Although Juliet Bredon’s Peking, first published in 1922, is one of the all-time great guidebooks, it is so much more than that. Bredon was a long-time resident of Peking (now Beijing), and her intimate knowledge of the city is reflected on every page. Opening the cover is like stepping back in time to an ancient capital that no longer exists — a time when the Imperial City was still mostly unchanged, the Tartar Wall still stood, and camel caravans arriving from Central Asia were a regular sight. Rich with photographs, maps, and plans, the book is not only an entertaining read, but also a wealth of historical information and, for anyone interested in Asia, a genuine treasure.
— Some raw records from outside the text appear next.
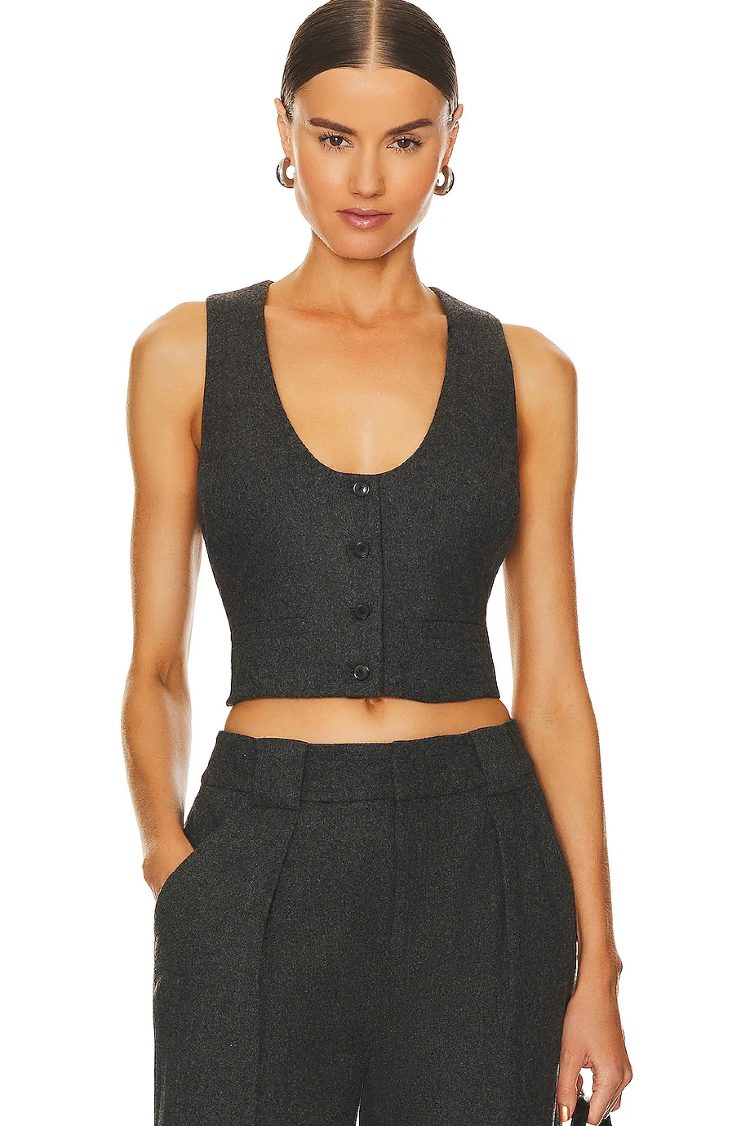 Self: 100% wool Lining: 100% polyester.Made in China.Dry clean only.Front button closure.Back adjustable strap.Lightweight melton fabric.Item not sold as a set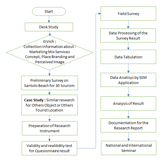 This study applied a quantitative method supported by an explanatory survey focused on customer perception of the services marketing mix, place branding, and image, where the intangible variables were marketing mix services and place branding and the tangible variable was image. The data sources were primary and secondary. The primary data, obtained from tourist respondents in the field, are concerned with the services marketing mix, place branding, and image. Secondary data convey supporting information that complements research data. Primary data are obtained from questionnaires, interviews, and observations, while secondary data are obtained from a government institute of Indonesia known as Badan Pusat Statistik (BPS) and from books and related documents.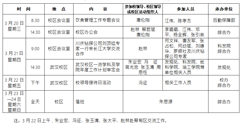 2018-2019学年第二学期第3周校区主要工作及活动安排表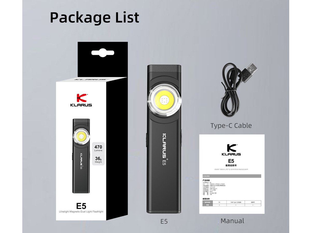 Klarus E5 USB-C Rechargeable EDC LED Flashlight

Pierre Loti was a fascinating character -– French naval officer, writer, and traveler to exotic foreign lands. Famous in his day, he went native for a while in Tahiti, had an illicit love affair with a Turkish harem girl in Istanbul, and was elected to the Académie Française. Loti visited India in 1899 and 1900 and was the guest of a maharajah in Ceylon. Quite a life! India, with its fabulous cover, was published around 1910 (exact date not stated by the publisher) and is illustrated with evocative color plates and black-and-white drawings.
Foucault’s Pendulum, by Umberto Eco, is based on two scenes Eco experienced in his life that stuck with him: a young boy playing the trumpet in a cemetery and the image of Foucault’s Pendulum in the nave of Saint-Martin-des-Champs in Paris. The book spins a tale that links those two images together -– a work of art that took him eight years to craft. The novel is bound in full leather with elaborate 24K gilt designs on the cover and features an illustration commissioned especially for the book -– a handsome volume indeed.
In Giving, How Each of Us Can Change the World, Bill Clinton, 42nd President of the United States, honors notable philanthropic efforts. He chronicles the stories of those who give their time or money to advance the understanding of complex issues (such as childhood obesity), to discover cures for diseases (such as malaria), and to protect the poor and vulnerable. To this, he adds his insights to challenge all of us to make a difference by finding a way to contribute what we can to meaningful causes. The former President personally signed this volume, which makes it popular as a collectible and, if you’ll forgive the pun, perfect for giving.
Osa and Martin Johnson were adventurers and documentary filmmakers in the early 1900s; their movies were very popular in their time. They traveled extensively in Africa, where they had a home, and also in Borneo, where headhunters still existed. I Married Adventure, by Osa, follows their globe-trotting life, beginning at age 20 when Martin joined Jack London aboard the Snark. Together, Osa and Martin circled the globe six times and made the first sound pictures of Belgian Congo gorillas and pygmies of the Ituri forest. This book, with its emblematic zebra-patterned cover, captures adventure on the frontier in memorable fashion. It was published in 1940 and is signed by Osa.